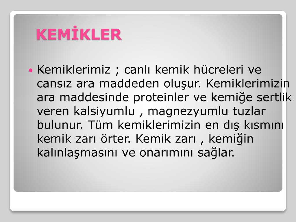 Kemiklerimiz ; canlı kemik hücreleri ve cansız ara maddeden oluşur. Kemiklerimizin ara maddesinde proteinler ve kemiğe sertlik veren kalsiyumlu , magnezyumlu tuzlar bulunur. Tüm kemiklerimizin en dış kısmını kemik zarı örter. Kemik zarı , kemiğin kalınlaşmasını ve onarımını sağlar. KEMİKLER
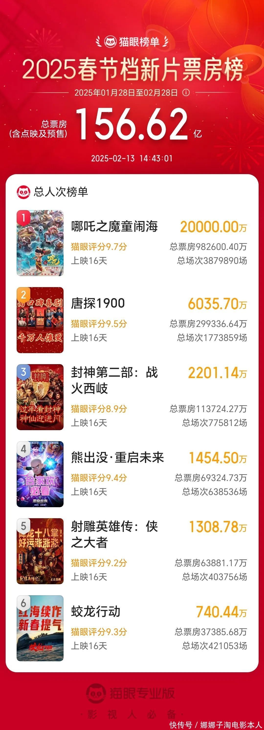 放胆2月13日14时43分,电影《哪吒之魔童闹海》不雅影东谈主次破2亿,成为中国影史首部不雅影东谈主次破2亿电影!
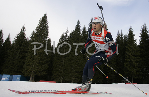 Pokljuka ,Slovenia - 20.01.2007 : Simon Fourcade of France skiing in men pursuit race on Pokljuka, Slovenia. IBU Biathlon World Cup sprint race was held on Pokljuka, Slovenia on 20th of January 2007. Photo by: Primoz Jeroncic/PhotoSI

EXERCISE
Transcribe all of the data above verbatim but omit every picture.

ANSWER FOR THIS EXERCISE
 Kemiklerimiz ; canlı kemik hücreleri ve cansız ara maddeden oluşur. Kemiklerimizin ara maddesinde proteinler ve kemiğe sertlik veren kalsiyumlu , magnezyumlu tuzlar bulunur. Tüm kemiklerimizin en dış kısmını kemik zarı örter. Kemik zarı , kemiğin kalınlaşmasını ve onarımını sağlar. KEMİKLER
 放胆2月13日14时43分,电影《哪吒之魔童闹海》不雅影东谈主次破2亿,成为中国影史首部不雅影东谈主次破2亿电影!
 Pokljuka ,Slovenia - 20.01.2007 : Simon Fourcade of France skiing in men pursuit race on Pokljuka, Slovenia. IBU Biathlon World Cup sprint race was held on Pokljuka, Slovenia on 20th of January 2007. Photo by: Primoz Jeroncic/PhotoSI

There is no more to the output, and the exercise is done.